500 Global, VestedWorld, and Loyal VC have all invested. Betastore has received $3 million in investment to date.
Betastore CEO Steve Dakayi-Kamga, who co-founded the company with Leo-Armel Tchoudjang in mid-2020, stated that the startup’s ability to scale by using its asset-light strategy is critical.
Its goal is to grow to 100 cities across Nigeria, the Ivory Coast, and Senegal before the end of the year. Betastore also intends to strengthen its technical and leadership teams, as well as introduce new products and enhance current ones.
Betastore’s asset-light business implies it doesn’t have any capital or labor-intensive assets like warehouses or its own delivery fleet.
This, according to Dakayi-Kamga, has aided the business in optimizing its technology so that merchants may acquire goods from the nearest distributors. A retailer that uses Betastore places 4.4 orders per month on average.
The B2B e-commerce platform will debut funding in July, following a trial program involving 200 retailers that the business conducted last year.

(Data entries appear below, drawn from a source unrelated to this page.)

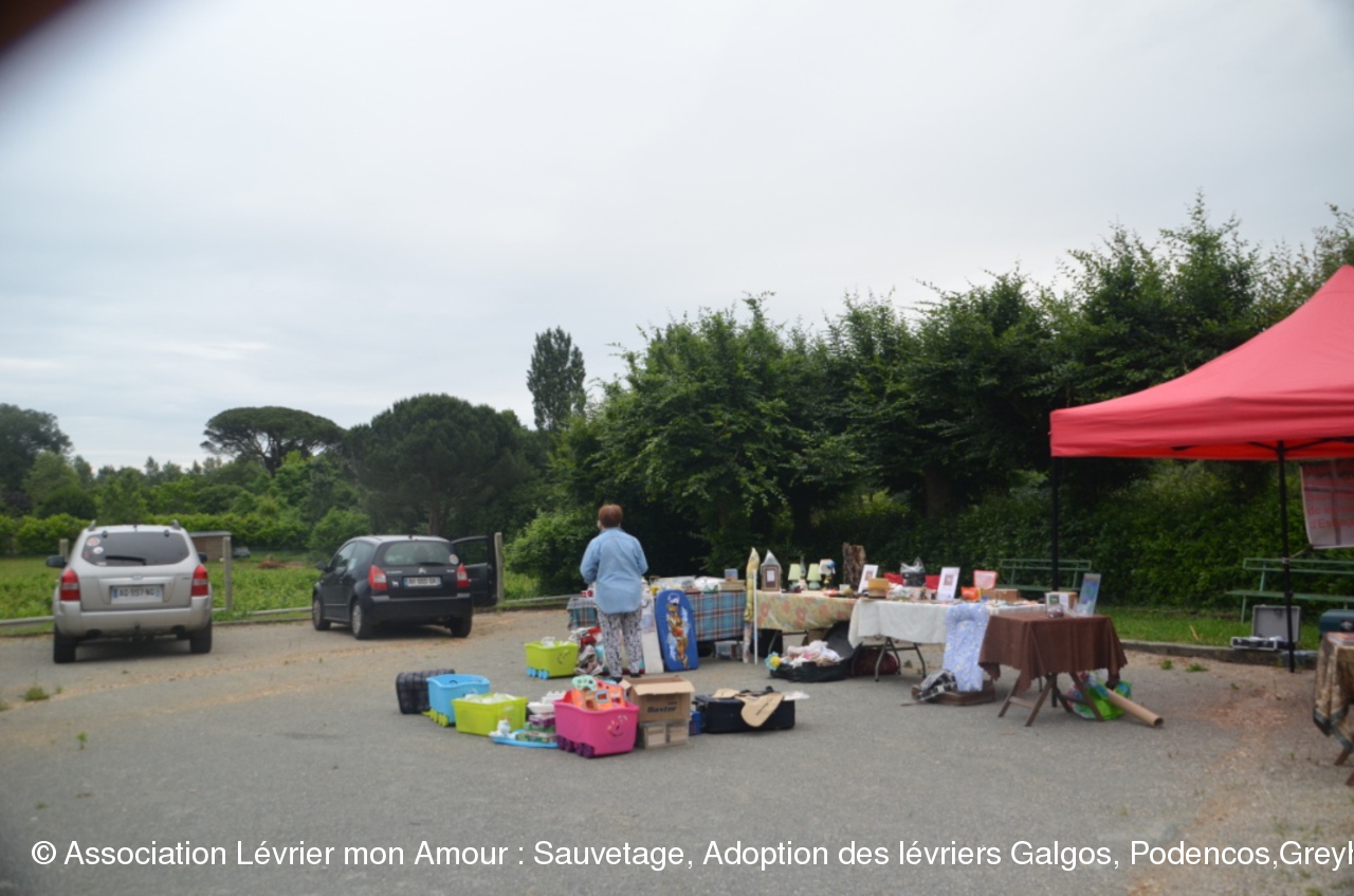 Un dimanche pluvieux du mois de juin, petit vide-grenier dans petite bourgade des côtes de Bourg au milieu des vignes, mais grand accueil de la part de Géraldine et Mady, qui nous avaient conviées à cette manifestation en faveur de nos galgos.
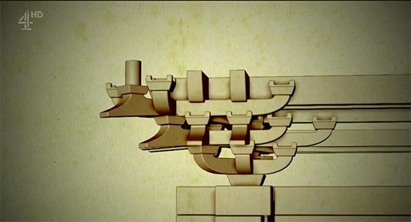 A simulated model of dougong. [Photo/Screen capture of Secrets of China's Forbidden City]
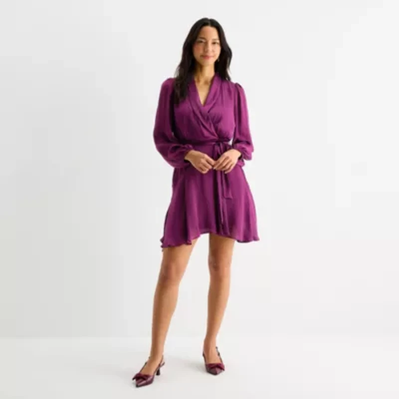 Melonie T Womens Long Sleeve Wrap Dress

According to Tchoudjang, the BNPL financing plan will focus on retailer sales and will go a long way towards assisting them to expand the worth of their shopping baskets, and hence their businesses. Interest will be charged based on product margins, according to the startup.
Betastore is presently integrating its technology into a network of fintech and bank financing partners. The Betastore wallet is used by retailers to repay debts, deposit funds for operations, and transmit, receive, and save money.
Since its inception, the company claims to have increased its customer base and income by ten and twelvefold, respectively.
As it penetrates the $380 billion retail sectors in Sub-Saharan Africa, which contributes 20-50 percent of the region’s GDP on average, the business forecasts a significant increase, particularly after accessing more countries and pushing out its buy now pay later (BNPL) offering.
Techbuild’s Take
Today’s retailers are expected to operate with quickness, agility, and effectiveness. Retailers take advantage of any opportunity that comes their way to do this.
Thanks to technology and platforms like Betastore, the days of retailers having to close their stores for the entire day to source merchandise are over.
These platforms don’t just save retailers money and help them plan better. They’ve evolved into critical platforms that can give shops a competitive advantage in the market, allowing them to prosper and develop.
Because it regards the merchant as an agent who can make access to goods and services easier, Betastore wants to make it easier for merchants and end-users to access goods and services.
Betastore technology, according to Dakayi-Kamga, allows shops to place orders on demand, have access to a wide range of products, and address logistics problems.
They don’t have to shut their stores to go obtain goods from distributors or the market, and they don’t have to lose nearly half of their margins in logistics with Betastore.